Обсуждение: pgsql: Change the implementation of hash join to attempt to avoid
pgsql: Change the implementation of hash join to attempt to avoid
От
neilc@svr1.postgresql.org (Neil Conway)
Дата:
Log Message: ----------- Change the implementation of hash join to attempt to avoid unnecessary work if either of the join relations are empty. The logic is: (1) if the inner relation's startup cost is less than the outer relation's startup cost and this is not an outer join, read a single tuple from the inner relation via ExecHash() - if NULL, we're done (2) read a single tuple from the outer relation - if NULL, we're done (3) build the hash table on the inner relation - if hash table is empty and this is not an outer join, we're done (4) otherwise, do hash join as usual The implementation uses the new MultiExecProcNode API, per a suggestion from Tom: invoking ExecHash() now produces the first tuple from the Hash node's child node, whereas MultiExecHash() builds the hash table.

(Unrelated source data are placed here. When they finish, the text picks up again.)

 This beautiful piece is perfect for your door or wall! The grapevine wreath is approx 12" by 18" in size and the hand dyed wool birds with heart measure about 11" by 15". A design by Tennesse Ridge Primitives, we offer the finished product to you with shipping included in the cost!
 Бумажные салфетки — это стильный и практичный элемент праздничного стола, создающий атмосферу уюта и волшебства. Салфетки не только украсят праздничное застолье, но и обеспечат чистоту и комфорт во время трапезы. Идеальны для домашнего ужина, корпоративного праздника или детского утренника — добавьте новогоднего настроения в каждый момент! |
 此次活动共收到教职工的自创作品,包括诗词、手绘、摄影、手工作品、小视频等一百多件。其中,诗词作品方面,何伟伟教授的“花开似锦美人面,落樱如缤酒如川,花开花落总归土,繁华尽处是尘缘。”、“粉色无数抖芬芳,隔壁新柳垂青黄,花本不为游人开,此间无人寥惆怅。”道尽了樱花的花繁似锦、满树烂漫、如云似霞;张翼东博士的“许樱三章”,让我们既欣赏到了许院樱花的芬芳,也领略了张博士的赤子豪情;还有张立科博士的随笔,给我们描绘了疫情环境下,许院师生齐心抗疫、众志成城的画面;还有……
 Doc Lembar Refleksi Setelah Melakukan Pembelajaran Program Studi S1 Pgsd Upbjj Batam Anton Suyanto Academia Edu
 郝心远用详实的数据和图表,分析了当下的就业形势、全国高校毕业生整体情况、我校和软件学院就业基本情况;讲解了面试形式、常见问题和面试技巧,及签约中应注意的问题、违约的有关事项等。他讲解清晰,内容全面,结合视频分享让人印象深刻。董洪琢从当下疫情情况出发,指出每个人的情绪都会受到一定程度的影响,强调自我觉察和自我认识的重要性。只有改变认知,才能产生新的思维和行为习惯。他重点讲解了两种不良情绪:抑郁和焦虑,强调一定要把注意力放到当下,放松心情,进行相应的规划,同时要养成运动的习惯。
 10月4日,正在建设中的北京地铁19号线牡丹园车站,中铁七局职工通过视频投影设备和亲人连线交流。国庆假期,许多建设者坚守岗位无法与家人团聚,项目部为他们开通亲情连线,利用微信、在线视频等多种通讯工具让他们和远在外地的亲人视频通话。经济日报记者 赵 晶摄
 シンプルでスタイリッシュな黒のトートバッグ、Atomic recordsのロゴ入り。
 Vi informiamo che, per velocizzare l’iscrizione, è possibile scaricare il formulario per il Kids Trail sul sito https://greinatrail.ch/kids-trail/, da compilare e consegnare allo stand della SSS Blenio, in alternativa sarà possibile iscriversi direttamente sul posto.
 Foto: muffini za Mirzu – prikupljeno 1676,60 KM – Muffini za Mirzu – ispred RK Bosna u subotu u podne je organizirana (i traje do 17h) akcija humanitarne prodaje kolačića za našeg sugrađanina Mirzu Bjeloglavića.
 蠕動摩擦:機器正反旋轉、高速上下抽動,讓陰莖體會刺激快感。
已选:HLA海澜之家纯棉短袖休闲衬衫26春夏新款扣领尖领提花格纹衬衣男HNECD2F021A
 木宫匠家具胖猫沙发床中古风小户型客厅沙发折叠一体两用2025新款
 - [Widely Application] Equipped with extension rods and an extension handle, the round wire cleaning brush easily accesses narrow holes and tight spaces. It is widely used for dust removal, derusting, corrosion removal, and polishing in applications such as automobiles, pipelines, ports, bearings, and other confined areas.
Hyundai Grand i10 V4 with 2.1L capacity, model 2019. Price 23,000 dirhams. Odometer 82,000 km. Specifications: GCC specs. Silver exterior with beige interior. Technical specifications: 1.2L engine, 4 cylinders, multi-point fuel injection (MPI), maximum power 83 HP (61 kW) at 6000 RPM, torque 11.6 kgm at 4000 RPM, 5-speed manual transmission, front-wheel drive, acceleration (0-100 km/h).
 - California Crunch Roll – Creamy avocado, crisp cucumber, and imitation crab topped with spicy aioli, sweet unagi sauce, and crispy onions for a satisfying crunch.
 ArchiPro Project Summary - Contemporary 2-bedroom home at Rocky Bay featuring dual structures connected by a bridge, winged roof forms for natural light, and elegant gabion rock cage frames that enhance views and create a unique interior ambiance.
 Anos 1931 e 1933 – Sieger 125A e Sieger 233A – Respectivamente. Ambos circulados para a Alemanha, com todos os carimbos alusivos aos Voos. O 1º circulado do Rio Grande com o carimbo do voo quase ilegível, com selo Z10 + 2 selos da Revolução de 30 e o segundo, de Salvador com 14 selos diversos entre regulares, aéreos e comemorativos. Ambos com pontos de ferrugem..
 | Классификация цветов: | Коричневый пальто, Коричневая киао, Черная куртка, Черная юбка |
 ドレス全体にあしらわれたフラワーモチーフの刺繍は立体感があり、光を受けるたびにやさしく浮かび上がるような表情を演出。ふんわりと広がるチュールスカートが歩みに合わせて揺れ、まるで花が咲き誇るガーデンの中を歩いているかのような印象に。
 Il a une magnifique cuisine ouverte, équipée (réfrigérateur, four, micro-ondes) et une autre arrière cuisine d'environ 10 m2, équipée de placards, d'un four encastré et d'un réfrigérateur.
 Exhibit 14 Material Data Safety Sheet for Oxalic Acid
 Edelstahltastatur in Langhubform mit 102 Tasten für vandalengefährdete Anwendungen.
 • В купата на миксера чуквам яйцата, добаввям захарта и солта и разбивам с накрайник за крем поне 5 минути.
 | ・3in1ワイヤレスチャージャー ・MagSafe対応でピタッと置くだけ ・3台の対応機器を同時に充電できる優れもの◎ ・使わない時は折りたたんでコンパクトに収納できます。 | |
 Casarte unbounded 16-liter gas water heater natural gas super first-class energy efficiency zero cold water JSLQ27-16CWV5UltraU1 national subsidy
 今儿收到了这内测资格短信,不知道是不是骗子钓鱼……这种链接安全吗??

I had to put in a bit of a kludge to get the row count returned for EXPLAIN ANALYZE to be correct: since ExecHash() is invoked to return a tuple, and then MultiExecHash() is invoked, we would return one too many tuples to EXPLAIN ANALYZE. I hacked around this by just manually detecting this situation and subtracting 1 from the EXPLAIN ANALYZE row count. Modified Files: -------------- pgsql/src/backend/executor: nodeHash.c (r1.93 -> r1.94) (http://developer.postgresql.org/cvsweb.cgi/pgsql/src/backend/executor/nodeHash.c.diff?r1=1.93&r2=1.94) nodeHashjoin.c (r1.71 -> r1.72) (http://developer.postgresql.org/cvsweb.cgi/pgsql/src/backend/executor/nodeHashjoin.c.diff?r1=1.71&r2=1.72) pgsql/src/include/nodes: execnodes.h (r1.133 -> r1.134) (http://developer.postgresql.org/cvsweb.cgi/pgsql/src/include/nodes/execnodes.h.diff?r1=1.133&r2=1.134)